Os factos da nossa luta no congresso aborrecem agora tanto Mártov que ele tenta apagá-los completamente. «O iskrista - diz ele - é aquele que no congresso do partido e antes dele declarou que se solidariza plenamente com o Iskra, defendeu o seu programa e o seu ponto de vista em matéria de organização e apoiou a sua política neste terreno. Havia no congresso mais de quarenta destes iskristas, tantos quantos o número de votos favoráveis ao programa do Iskra e à resolução que reconhecia o Iskra como órgão central do partido.» Folheai as actas do congresso e vereis que todos (p. 233) aceitaram o programa, excepto Akímov, que se absteve. Com essas palavras, o camarada Mártov quer assegurar-nos que tanto os bundistas como Brúker e Martínov demonstraram a sua «plena solidariedade» com o Iskra e defenderam os seus pontos de vista em matéria de organização! Isto é ridículo. A transformação, depois do congresso, de todos os seus participantes em membros do partido com iguais direitos (de resto, nem todos, já que os bundistas se retiraram) confunde-se nessas palavras com a divisão em agrupamentos que provocou a luta no congresso. Em vez de estudar os elementos que depois do congresso formaram a «maioria» e a «minoria», faz-se uma frase oficial: aceitaram o programa!
Reparai na votação do reconhecimento do Iskra como Órgão Central. Vereis que Martínov, a quem agora o camarada Mártov, com audácia digna duma melhor causa, atribui a defesa das concepções e da política do Iskra em matéria de organização, é quem precisamente insiste na separação das duas partes da resolução: o reconhecimento puro e simples do Iskra como Órgão Central e o reconhecimento dos seus méritos. Quando da votação da primeira parte da resolução (reconhecimento dos méritos do Iskra, expressão de solidariedade com ele), obtiveram-se apenas 35 votos a favor, dois contra (Akímov e Brúker) e onze abstenções (Martínov, os cinco bundistas e cinco votos da redacção: os meus dois votos, os dois de Mártov e um de Plekhánov). Por consequência, o grupo dos anti-iskristas (cinco bundistas e três partidários da Rabótcheie Dielo) destaca-se com toda a clareza também aqui, neste exemplo, o mais vantajoso para o ponto de vista actual de Mártov, exemplo escolhido por ele próprio. Vede a votação da segunda parte da resolução: o reconhecimento do Iskra como Órgão Central sem se dar justificação alguma e sem exprimir solidariedade (p. 147 das actas). Houve 44 votos a favor, que o actual Mártov atribui aos iskristas.
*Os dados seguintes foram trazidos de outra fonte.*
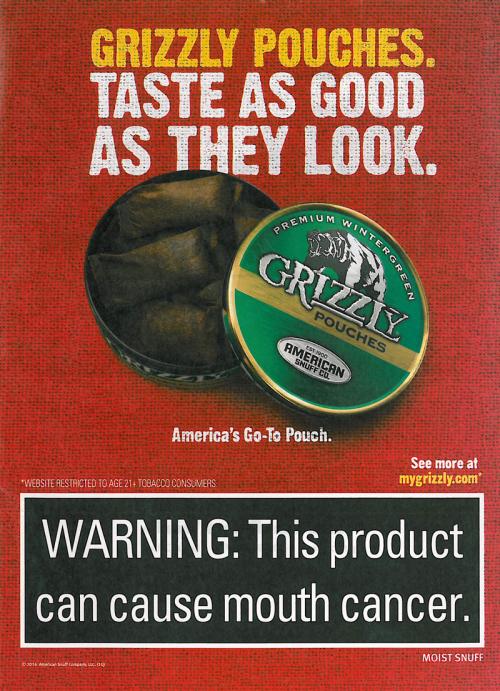 Grizzly ad promoting their pouch products. Text: "Grizzly pouches. Taste as good as they look."

Houve ao todo 51 votos; subtraindo as cinco abstenções dos redactores, ficam 46 votos; dois votaram contra (Akímov e Brúker); por consequência, fazem parte dos 44 restantes todos os cinco bundistas. Assim, no congresso, os bundistas «exprimiram a sua plena solidariedade com o Iskra» - eis como a história oficial é escrita pelo Iskra oficial! Antecipando-nos ao relato, expliquemos ao leitor os verdadeiros motivos desta verdade oficial: a actual redacção do Iskra poderia ser e seria de facto uma redacção do partido (e não quase-partido, como agora) se os bundistas e os partidários da «Rabótcheie Dielo» não tivessem abandonado o congresso. Por essa razão foi necessário converter em «iskristas» esses fiéis guardiões da actual redacção, que se diz do partido. Mas voltaremos a isto em pormenor um pouco mais adiante.
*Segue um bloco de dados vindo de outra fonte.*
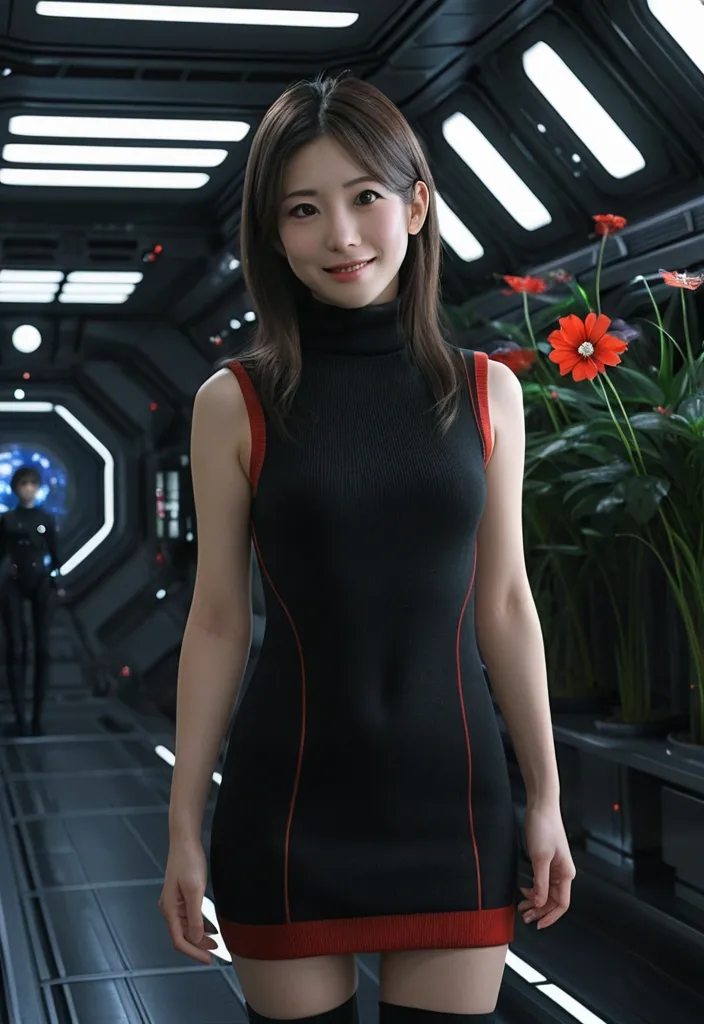 masterpiece photorealistic full lenght a beautiful japanese female with straight shoulder brown hair in her mid twenties in black and red turtleneck sleeveless zipper spandex mini sweaterdress , gentle smile a hand on her hip , standing in a futuristic luminous space station with japanese influence , some flowers and green plants , a bed in the room , science fiction cinematic style ,

Põe-se em seguida a pergunta: se o congresso foi uma luta entre elementos iskristas e anti-iskristas, não haveria elementos intermédios, instáveis, que oscilassem entre uns e outros? Quem conheça um pouco o nosso partido e a fisionomia habitual de todos os congressos, inclinar-se-á a priori a responder a esta pergunta com uma afirmativa. O camarada Mártov não sente agora o mínimo desejo de se recordar desses elementos instáveis, e apresenta o grupo do Iújni Rabótchi, com os delegados que gravitam à sua volta, como iskristas típicos, e as nossas divergências com eles como insignificantes e sem importância. Felizmente, temos agora sob os olhos o texto integral das actas, e podemos portanto resolver esta questão - a questão de facto, bem entendido - na base de dados documentais. O que dissemos acima em geral sobre os agrupamentos no congresso não pretende de modo nenhum resolver este problema, mas simplesmente colocá-lo de modo correcto.
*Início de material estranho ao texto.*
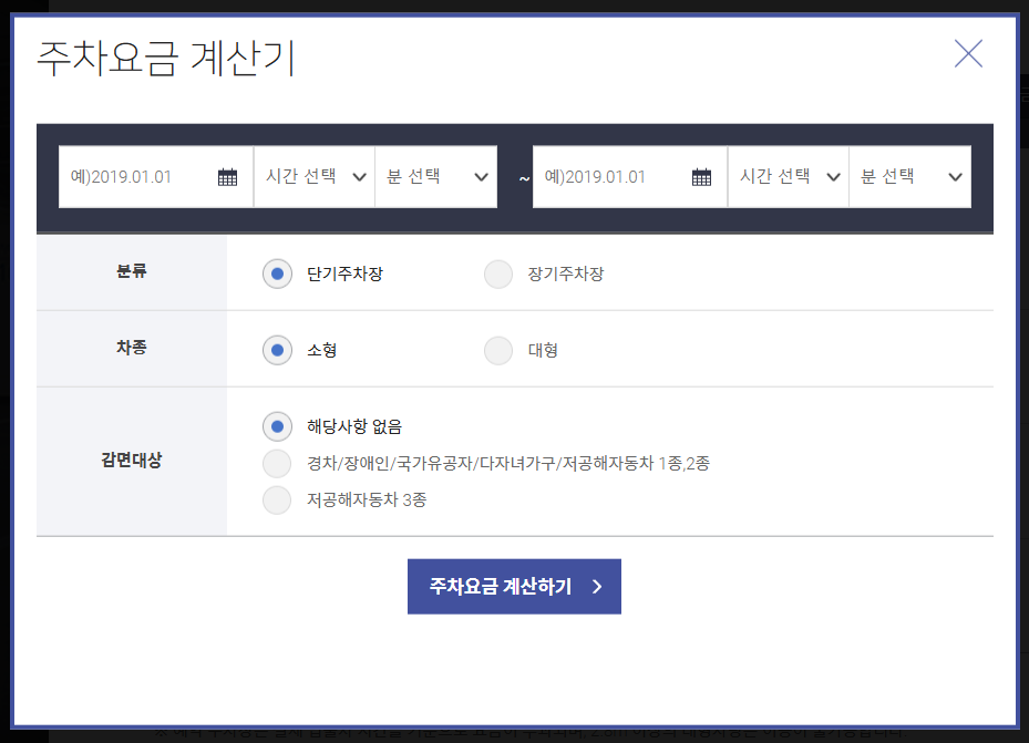 위의 화면 오른쪽 상단 빨간색 박스 '예상 주차요금 확인하기' 버튼을 누르면 주차요금을 미리 계산해줘요.

Sem uma análise dos agrupamentos políticos, sem traçar um quadro do congresso como luta entre determinados matizes, é impossível compreender as nossas discordâncias. A tentativa de Mártov de escamotear a diferença de matizes, juntando mesmo os bundistas com os iskristas, é simplesmente furtar-se à questão. Mesmo a priori, na base da história da social-democracia russa antes do congresso, desenham-se (para a sua comprovação ulterior e pormenorizado estudo) três grupos principais: os iskristas, os anti-iskristas e os elementos instáveis, vacilantes e inconstantes.
Notas
- ↑ Ver V. I. Lénine, Obras Completas, 5ª ed. em russo, t. 8, pp. 41-52, 98-104. (N. Ed.)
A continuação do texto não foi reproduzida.